DeepMind has come up with a speech technology that it calls WaveNet, which is capable of emitting synthetic speech that sounds more human. It turns out that WaveNet is about 50% better than existing technologies when it comes to producing sound that would make you think it is a human being responding to your queries.
English and Chinese
Alphabet’s DeepMind ran a blind test of WaveNet in U.S. English and Chinese languages and human listeners felt it had an amazing speech that sounded more natural compared to the machine-generated speech in the so-called text-to-speech programs (TTS).
WaveNet is designed to emit actual human speech by learning how to perform sound waves such as those a human voice would create.
Alphabet’s WaveNet has many advantages over existing machine-speech technologies.

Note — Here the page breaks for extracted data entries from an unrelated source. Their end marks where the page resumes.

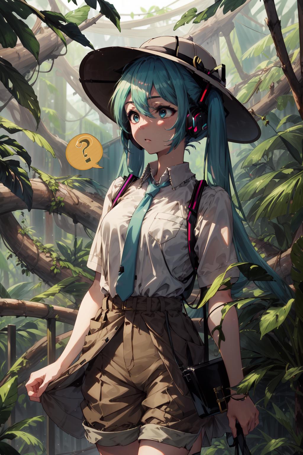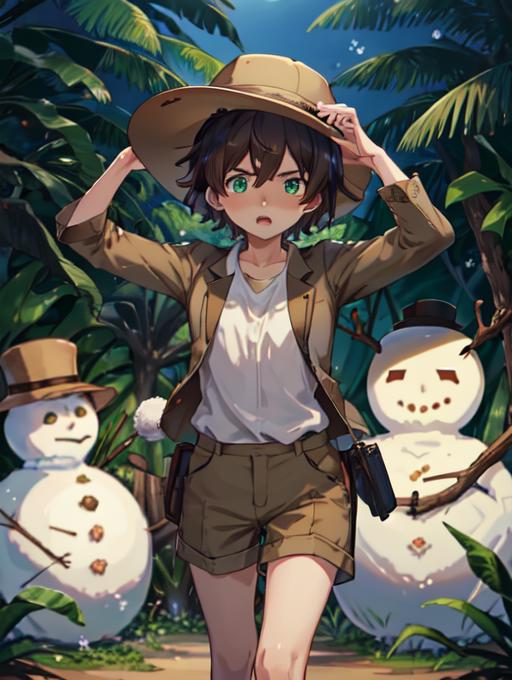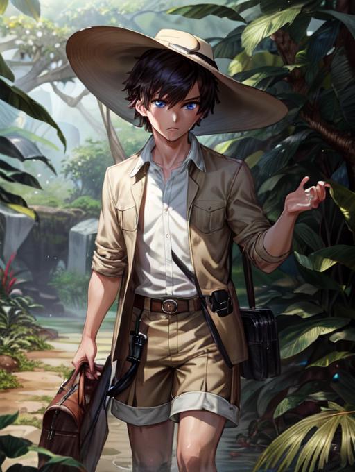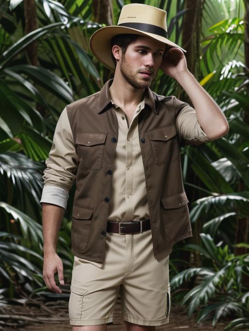 Additional words that may help: white dress shirt, brown shorts, brown pants, brown hat, jungle,
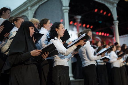 Valaam Island, Russia - July 28, 2015: First St. Vladimir Valaam Festival Illuminator of the Orthodox singing. Public free access for all comers. Orthodox choir is singing
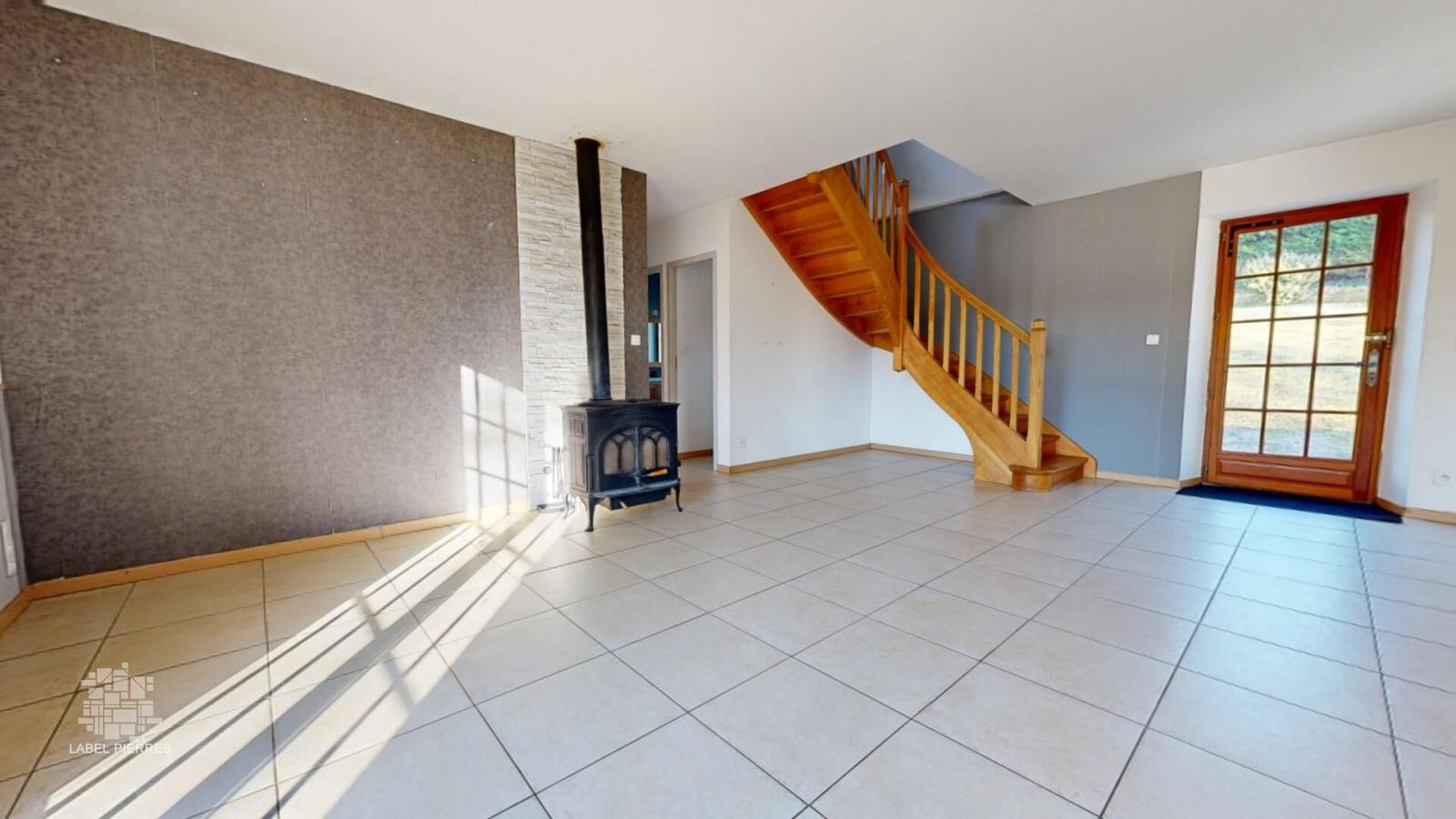 • Pièce à vivre 57m2 Cuisine aménagée éléments hauts et bas bois/Salle à manger/Salon, poele à bois
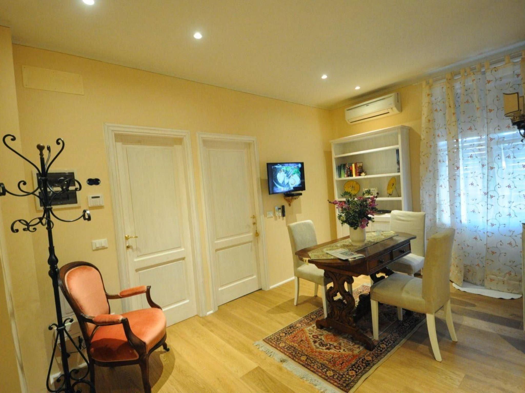 Located in the heart of Florence, just 250 metres from Piazza del Duomo, this beautiful and comfortable one-bedroom apartment (25 sqm + 8 sqm terrace) is suitable for 3 people. Located on the 4th floor of a historical building (with lift), the flat enjoys a wonderful view of the Church of Santa Croce. Very well furnished in ancient and modern style, the flat consists of a living room with a single sofa bed, a fully equipped kitchenette (fridge, oven, toaster, coffee machine, microwave, dishwasher, washing machine), a double bedroom and a bathroom with shower. Beautiful terrace with panoramic view. At guests' disposal: air conditioning, Wi-Fi internet and satellite TV with USB connection. Mosquito nets. Situated in an excellent central location, surrounded by restaurants and shops, the flat is ideal for fully enjoying Florence. All the most important monuments are within walking distance in a few minutes: the Duomo is 250 metres away, Santa Croce 400 metres, Piazza Signoria 750 metres, the Uffizi 800 metres, Ponte Vecchio 900 metres. The main railway station is about 1 km away.

However, the one that seems to stand out prominently is that with WaveNet, it is easy to modify the sound of the voice. That is the reason it is possible to achieve more natural speech using WaveNet than typical TTS programs.
A challenging task
DeepMind unit said that coming up with WaveNet was a challenging affair. For instance, the system needed to be trained like a human brain and it obviously takes time and hard work to achieve excellence in that area. Keep in mind that WaveNet belongs to the class of AI called neural network, which are technologies that get better at what they do as they get more training.
Commercial application
Though there is a wide range of potential applications for Alphabet’s WaveNet in real life situations, the company has not thought of immediate commercial application of the technology. Perhaps that tells you that DeepMind intends to refine the technology further before it can begin to bring it to market.
Alphabet got hold of DeepMind in 2014 through an acquisition that cost it $533 million.